# Odd problem with Superhold II transfers from Howard



## wormil (Jan 7, 2008)

Some weeks ago I ordered two color transfers from Howard. I got them about two weeks before I needed them. Got a call from Mr. Howard asking me how I liked them, told me to call back after I used them.

Well I ended up having problems with the transfers. I did call Howard back and there wasn't anyone available to speak to me so I left a message. No one called me back. In the interim I'm pretty sure I've lost the customer and so I haven't called them again.

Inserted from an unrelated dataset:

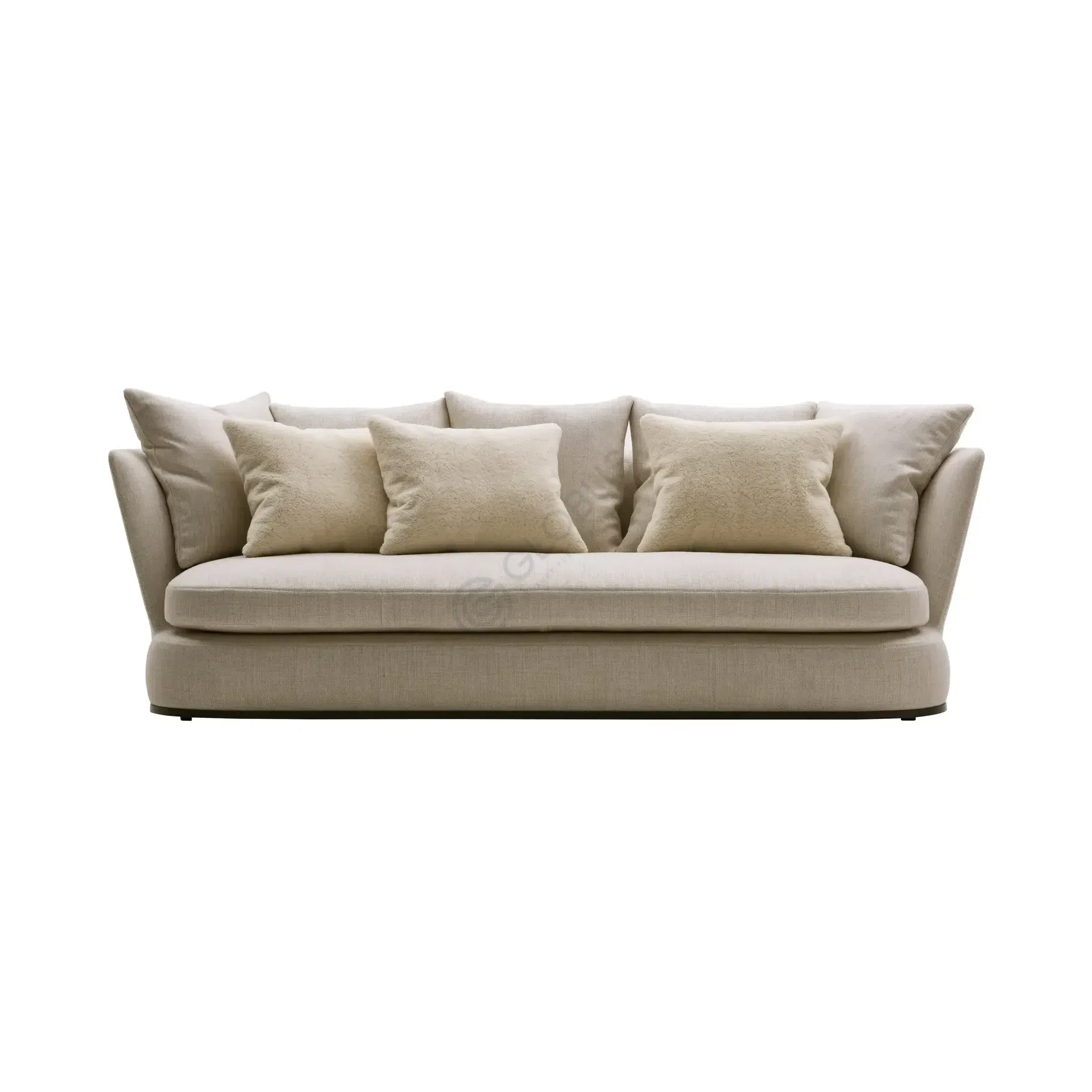 This modern couch blends understated elegance with inviting comfort. Its streamlined silhouette features smooth, clean lines, making it a refined addition to both living rooms and bedrooms. Upholstered in a soft, neutral textile, the couch instantly brightens any space while complementing a variety of color palettes.

The problem occurred after the transfers were pressed... I had to peel them exactly four seconds (figured out through trial and error) after removing them from the press. One second early and only half the black ink would stick, one second too late and the black ink would pull off the shirt. Peel it at four seconds and it was perfect. Frankly this was a major pain in the butt. I did try to experiment a bit with time, temp and pressure but increasing any of those made the problems worse. The white ink was fine no matter what. Anyone else had a problem like that? I'm guessing the black ink which would have been printed first was overcured.


----------



## Teamwear (Mar 12, 2007)

That is what it sounds like. 

We used Howard for a while until we bought screen equipment. Not bad for what they do. We went to them because they were a little less than Transfer express-but now if we use a transfer we spend the money for Transfer Express. We have never really had any problems with the goof proof formula.


----------